Keynote 1 
  Wed, 8th
☷  09:10 - 10:00

Commodifying Data Exploration

Abstract: Exploratory Data Analysis (EDA) is an iterative and often tedious process. Several strategies have been proposed to ease the burden on users in EDA ranging from stepwise to full-guidance approaches. Stepwise approaches rely on computing utility functions that determine the best action to take at each step. Full-guidance approaches rely on learning end-to-end exploration policies. Today’s big question is how to commodify EDA and make it easily deployable for all but for that we need to know what users are looking for: are they looking for a needle in a haystack, taking a tour of the data, or are they feeling lucky? This talk will investigate those questions and discuss the challenges of storing learned pathways through data or regenerating them when needed.

↗ Sihem Amer-Yahia (CNRS, Univ. Grenoble Alpes, France)
Sihem Amer-Yahia is a Silver Medal CNRS Research Director and Deputy Director of the Lab of Informatics of Grenoble. She works on exploratory data analysis and fairness in job marketplaces. Before joining CNRS, she was Principal Scientist at QCRI, Senior Scientist at Yahoo! Research and Member of Technical Staff at at&t Labs.

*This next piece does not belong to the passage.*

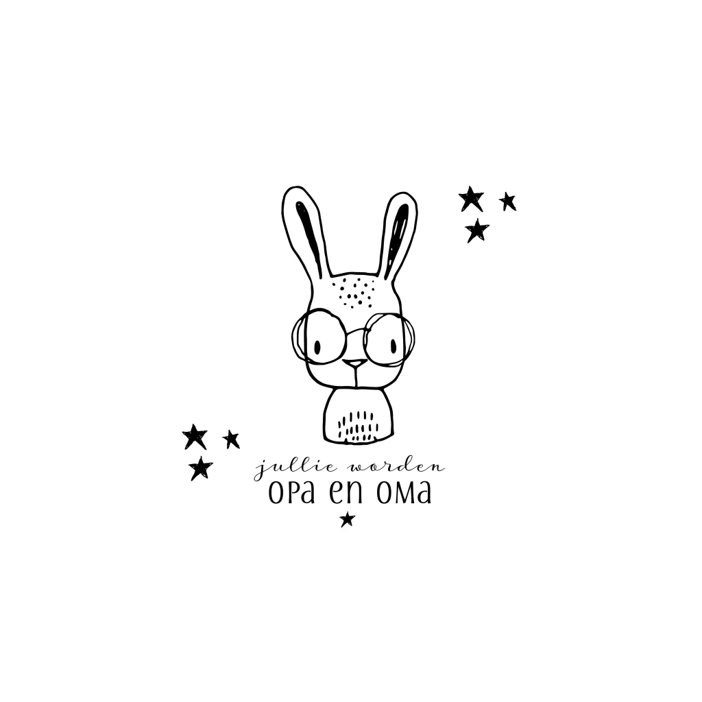 Jullie worden opa en oma Verras je (schoon)ouders met deze originele zwangerschapsaankondiging. Met lief konijntje en sterretjes op de voorzijde. Aan de binnenzijde is ruimte voor een (echo)foto, dit maakt het kaartje extra persoonlijk.

Sihem is PC chair for SIGMOD 2023 and vice president of the VLDB Endowment. She currently leads the Diversity&Inclusion initiative for the database community.

 Keynote 2 
  Thu, 9th  
☷  09:10 - 10:00

Why Machine Learning for Automatically Optimizing Databases Doesn't Work

Abstract: Database management systems (DBMSs) are complex software that requires sophisticated tuning to work efficiently for a given workload and operating environment. Such tuning requires considerable effort from experienced administrators, which is not scalable for large DBMS fleets. This problem has led to research on using machine learning (ML) to devise strategies to optimize DBMS configurations for any application, including automatic physical database design, knob configuration, and query tuning. Despite the many academic papers that tout the benefits of using ML to optimize databases, there have been only a few major success stories in industry in the last decade.

In this talk, I discuss the challenges of using ML-enhanced tuning methods to optimize databases. I will address specific assumptions that researchers make about production database environments that are incorrect and identify why ML is not always the best solution to solving real-world database problems. As part of this, I will discuss state-of-the-art academic research and real-world tuning implementations.

↗ Andy Pavlo (Carnegie Mellon University, Pittsburgh, USA)
Andy Pavlo is an Associate Professor with Indefinite Tenure in the Computer Science Department at Carnegie Mellon University. He is also the co-founder of the OtterTune automated database optimization start-up (↗